As a kid, I was surrounded by all different kinds of music. Rock, country, pop, blues, swing,
indie, rap, etc; You name it, and I probably listened to it growing up. Granted, I don’t listen to a
lot of that stuff now, but there’s a reason for that. Music became my escape. A quote from the
author Kamand Kojouri says, “Music is the best, and cheapest, mind-altering drug in the world.”

Growing up in a house with very little healthy communication was rough, especially with
two younger brothers around. While they both love each other, my mom and stepdad have one
of the rockiest marriages I’ve ever seen. Being the oldest kid, and feeling the need to protect
and shield my brothers from all of that, and I now realize this, was traumatizing. I grew up way
too fast, and because I basically raised my brothers, I missed out on my childhood and felt like I
was my parents’ therapist. All of this began at age 7. I am currently 15.
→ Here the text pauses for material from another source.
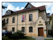
Regional Office SAO Banská Bystrica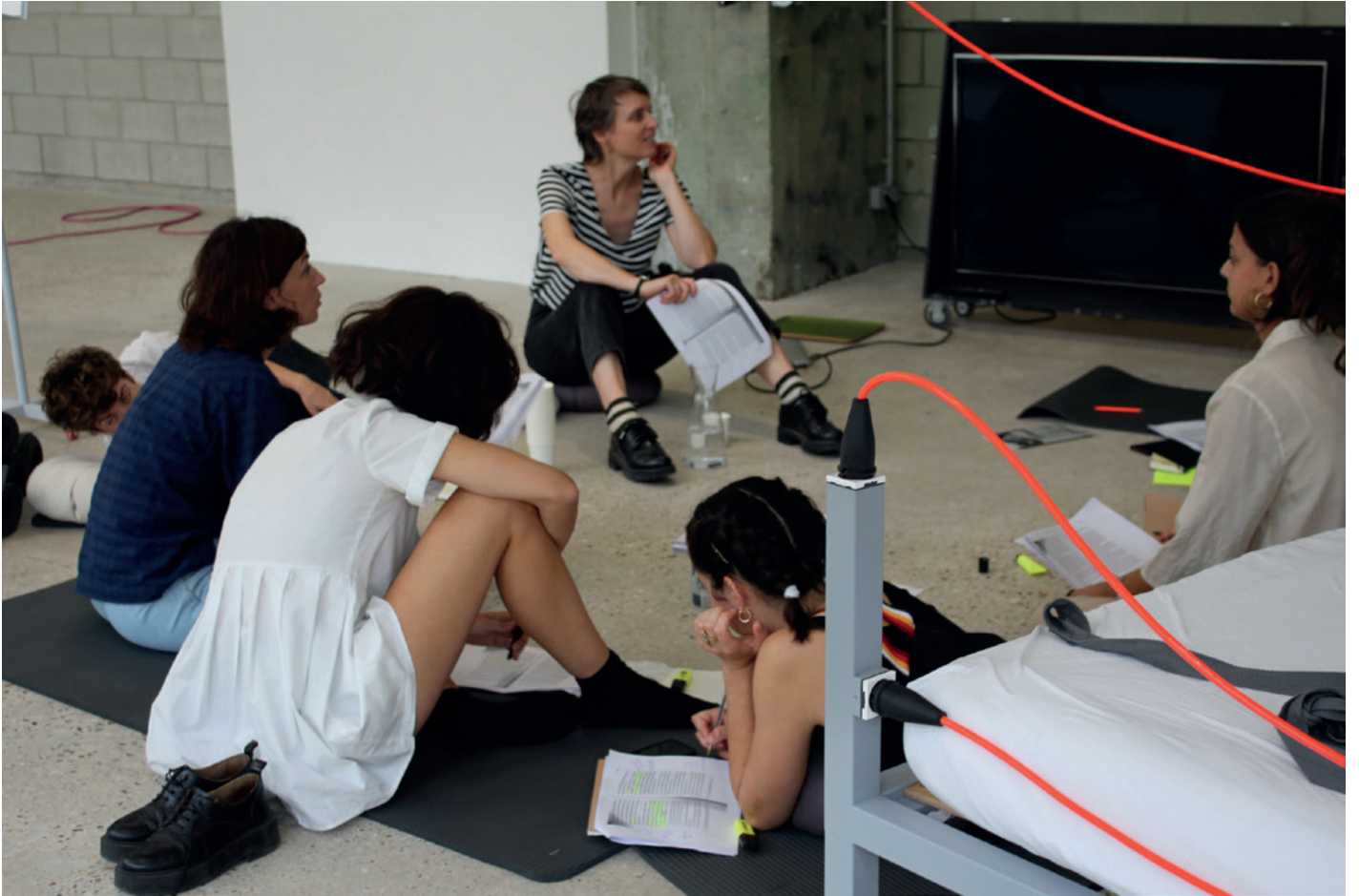
View from the exhibition "Un-Tuning Together. Practicing listening with Pauline Oliveros" during a translation workshop of Quantum Listening by Pauline Oliveros, Bétonsalon, center for art and research, Paris, September 2023.

I’ve spent most of my childhood and adolescence helping raise and take care of my
brothers. I’m related to them through my mom, and my stepdad is their dad. My mom has
worked a full-time job since I was 7, and so has my stepdad, which meant that they weren’t
home a lot, which left me to be the stand-in mom for myself and my younger brothers. I cooked
for the family, cleaned the house, got them and myself ready for school every morning, and
helped with so many other things.

This created a pervasive challenge for my family and me when my stepdad went to jail
when I was in third grade. It gave me just that much more responsibility, and my mom did too.
She was basically a single parent for the 90 days he wasn’t around, which meant I had to step
up. I was 8, and acting as a second parent. I know this helped my mom a lot, but the toll it took
on me was…irreversible. And not having an outlet for myself in order to relieve all the pent-up
emotion from the things at home, only got more difficult to deal with as I aged and the stress
from other areas of life increased as well.
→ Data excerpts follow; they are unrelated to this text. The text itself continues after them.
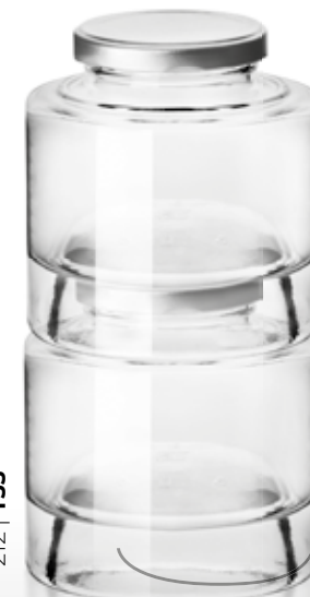
212 | T53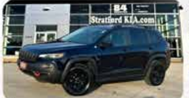
2021 Jeep Cherokee Trailhawk Elite

$26,995 OR $97/wk + HST & lic STOCK #: P22708 MILEAGE - 75,200 KM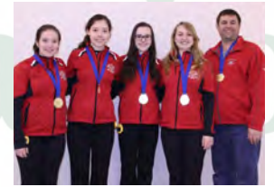
Grown and raised in Northern Ontario

As I got older, and my brothers did too, my “mom-brain” (as I like to call it) never really
shut off. It still hasn’t, even though my brothers are now 11 and 9. And as my mom started
working a little less as I was in middle school, whenever I started parenting my brothers out of
instinct while she was home, she would always just tell me off for it by saying things like,
“Addys, you’re not the mom” or “Tone it down, you’re not their mother.” I’m not gonna lie, every
time she says this kind of stuff, it just makes me mad. I never let her, or anyone, see that it gets
to me, but it does. So I go to my room, close the door, and put on music as background noise so
I don’t just sit in silence with my thoughts.

It’s become a bad habit of mine to not show emotions very often, which isn’t healthy for
my mental, or emotional, health. A few years ago, in 8th grade, I had a doctor's appointment
that kinda gave me a bit of a realization. At every appointment, they have you take this
depression test of sorts and my score caused my doctor to pull me into a separate, smaller
room, away from my mom and brothers because she wanted to talk with me privately. We had a
conversation about it, and I talked a lot about the things that go on at home(dynamics between
my parents, tension between myself and my parents because of my mom being home more
often, my dad’s drinking, and the stress of having to deal with as my brothers got older), how
much they were affecting me, and if I had any concerns about my declining mental health.
Eventually, she asked me what I wanted her to tell my mom because she wanted to recommend
a few therapists, and we eventually came to a conclusion. “She’s a worrier.” I was a worrier, that
was it. I was a worrier and it would be best if I had a healthy outlet to talk to someone instead of
just keeping it to myself. The moral of the story is, I never went to one of those therapists. So I
kept bottling things up…that was until I turned to music.

It may sound weird, but music is the one thing that worked for me as an outlet. I never
really knew how to put my emotions into words so I used music to be able to better understand
how to put my feelings into words. Every song I listened to made it easier to explain when
someone asked if I was ok, and made me feel understood more than a person has ever made
me feel. Music became my healthy emotional outlet, one that every person should have.